Industry analyst Clarksons Research reported that the global gas market continues to grow, projecting that global liquefaction will double by 2028
In its latest LNG Trade & Transport annual report, Clarksons Research said Russia’s war in Ukraine has resulted in an intensified focus on energy security, putting the natural gas sector at the centre of world events and adding more momentum to an LNG shipping sector that was already in a significant expansion phase.
Clarksons has projected strong LNG trade growth of 5% in 2022 to 400MT, with tonne-mile growth expected at 3%.
“There are now 58 countries involved in the LNG trade and 308 active country-to-country trades,” Clarksons said.
European LNG imports are up nearly 50% year-on-year in H1 2022, with some US exports diverting to Europe rather than Asia and impacting average haul and tonne-mile figures.
In H1 2022, Final Investment Decisions (FID) on LNG projects totalled 31mtpa with notable increases in sale and purchase agreements.
The overall LNG export programme suggests a doubling of the current 459mt of LNG export liquefaction capacity by 2028, with 165mtpa of export capacity now under construction and a further 293mtpa in FEED. There is also growing interest in FSRUs as countries without land-based terminals seek alternative gas supplies. Since the war in Ukraine began, 12 FSRUs have been secured by European customers.

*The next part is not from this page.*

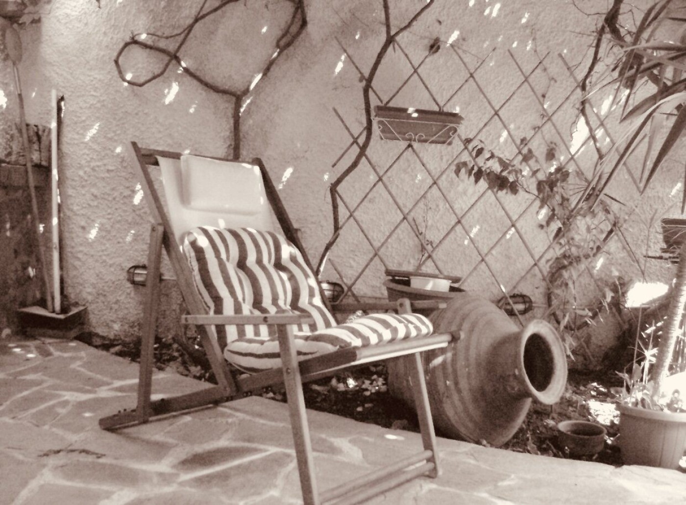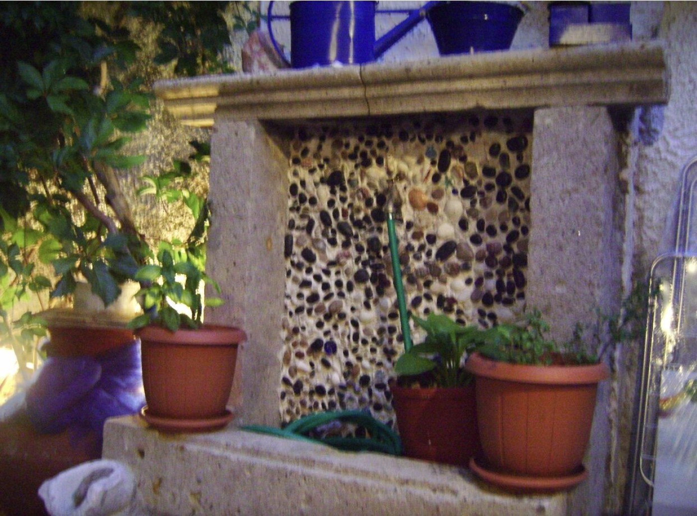 traditional aesthetics of the place with a solar water heater courtyard with a traditional urn and stone

Meanwhile, the worldwide LNG carrier (LNGC) fleet has reached 691 vessels (621 of which are over 100,000 m3 in capacity) with a total capacity of 103.8M m3, and 60% of capacity now owned by independent shipping companies. The same figures from a decade ago show a rough doubling in both number of vessels and capacity, with 362 vessels and 51.9M m3 across the world’s LNGC fleet. In 2022 and 2023 alone, Clarksons projects an increase of 3.8% and 4.6% for LNGC fleet size and capacity, respectively.
As of mid-july, the newbuild LNGC orderbook stands at 104 vessels and 17.4M m3, at a total cost of US$22Bn. The 104-vessel figure includes an estimated 30 vessels that are part of Qatar’s much publicised newbuilding programme which could see up to 100 new LNGCs contracted.
Clarksons noted that overall contracting for LNGC vessels is largely project-driven ahead of the significant volume of liquefaction capacity set to come online in 2025-26. Firm term charter rates (one-year rate) for a 160,000 m3 dual-fuel vessel stood at US$130,/day in mid-July, with the H1 2022 average up 56% year-on‑year. Spot rates are more volatile and prone to impacts from market disruptions such as the recent fire at the Freeport LNG facility in Texas in the US.
At current projections Clarksons expects the LNG trade to reach ~620MT by 2030 (up ~40mt on prior estimates), supported by energy transition dynamics (LNG as a bridging fuel), firm Asian demand growth, liquefaction capacity expansion and a push towards energy security and a reduced reliance for Europe on Russian pipeline gas, with potential requirements for ~US$99Bn of newbuild investment across 2023-30.